- **PROBLEM**: Word for word, print each line of the listing below; pictures stay out.

- **RECORDED DATA**:

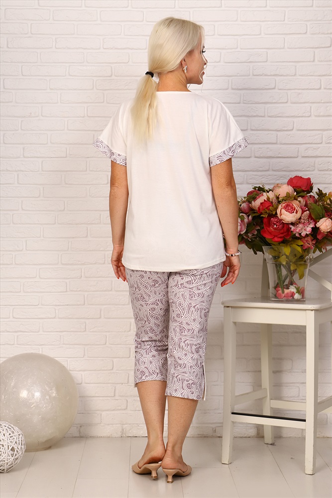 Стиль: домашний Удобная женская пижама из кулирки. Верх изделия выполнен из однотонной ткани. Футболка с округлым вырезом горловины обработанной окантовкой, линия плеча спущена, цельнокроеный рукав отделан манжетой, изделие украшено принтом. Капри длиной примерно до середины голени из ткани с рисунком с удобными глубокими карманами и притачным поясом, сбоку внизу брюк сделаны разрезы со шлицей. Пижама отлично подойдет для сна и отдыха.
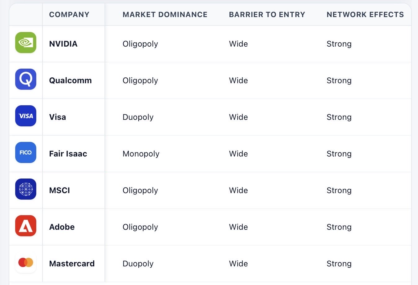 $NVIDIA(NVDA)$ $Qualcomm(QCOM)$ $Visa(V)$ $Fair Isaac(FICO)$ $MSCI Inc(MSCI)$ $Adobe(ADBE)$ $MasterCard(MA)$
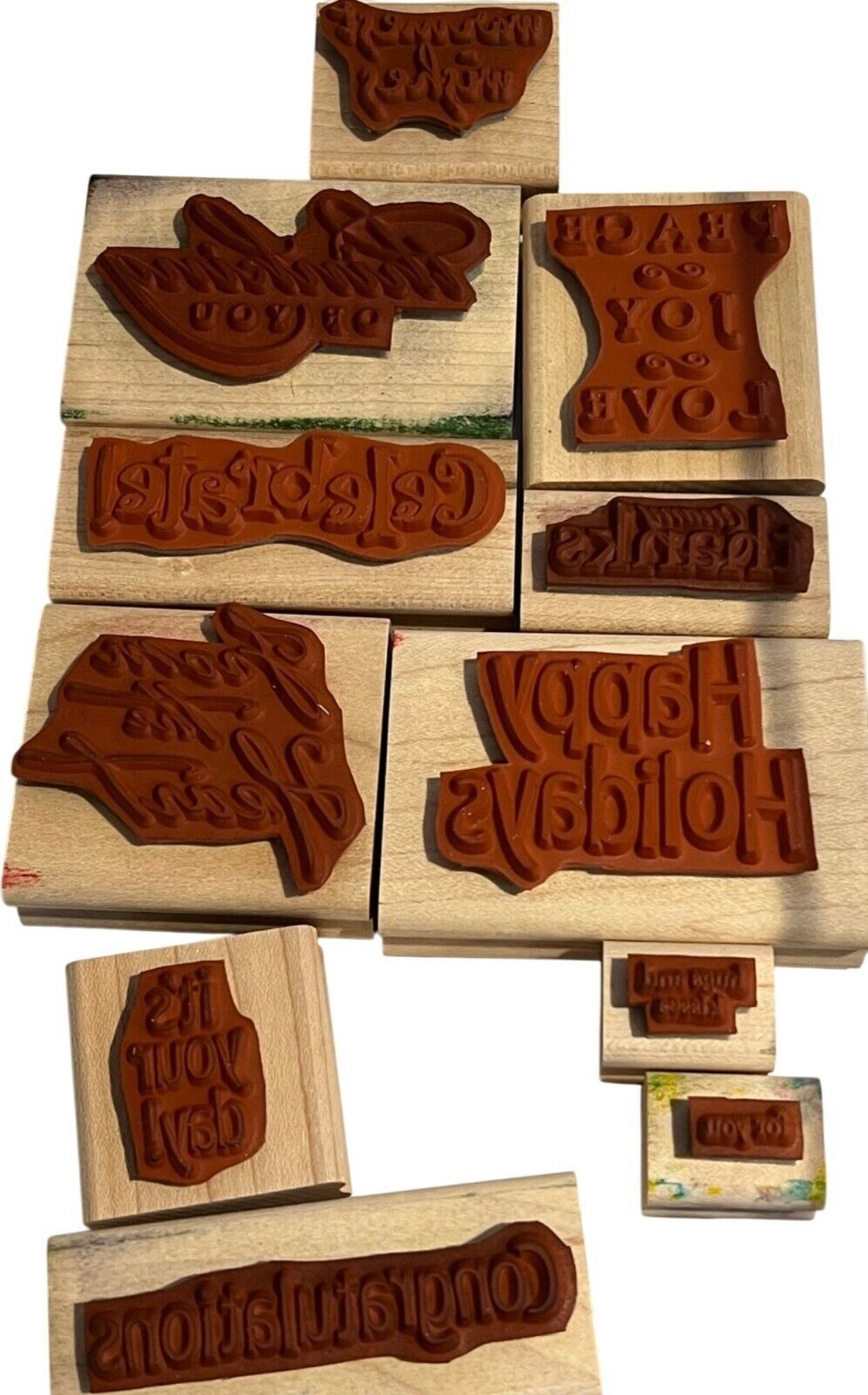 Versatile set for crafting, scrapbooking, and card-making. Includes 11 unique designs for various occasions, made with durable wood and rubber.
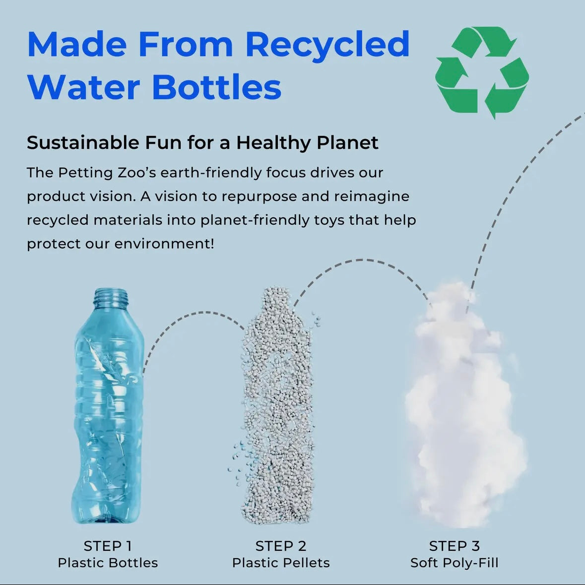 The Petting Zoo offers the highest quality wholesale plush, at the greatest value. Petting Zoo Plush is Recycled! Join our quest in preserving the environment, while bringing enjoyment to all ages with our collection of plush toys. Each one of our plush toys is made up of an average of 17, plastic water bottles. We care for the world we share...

- **EXERCISE RESULT**:
 Стиль: домашний Удобная женская пижама из кулирки. Верх изделия выполнен из однотонной ткани. Футболка с округлым вырезом горловины обработанной окантовкой, линия плеча спущена, цельнокроеный рукав отделан манжетой, изделие украшено принтом. Капри длиной примерно до середины голени из ткани с рисунком с удобными глубокими карманами и притачным поясом, сбоку внизу брюк сделаны разрезы со шлицей. Пижама отлично подойдет для сна и отдыха.
 $NVIDIA(NVDA)$ $Qualcomm(QCOM)$ $Visa(V)$ $Fair Isaac(FICO)$ $MSCI Inc(MSCI)$ $Adobe(ADBE)$ $MasterCard(MA)$
 Versatile set for crafting, scrapbooking, and card-making. Includes 11 unique designs for various occasions, made with durable wood and rubber.
 The Petting Zoo offers the highest quality wholesale plush, at the greatest value. Petting Zoo Plush is Recycled! Join our quest in preserving the environment, while bringing enjoyment to all ages with our collection of plush toys. Each one of our plush toys is made up of an average of 17, plastic water bottles. We care for the world we share...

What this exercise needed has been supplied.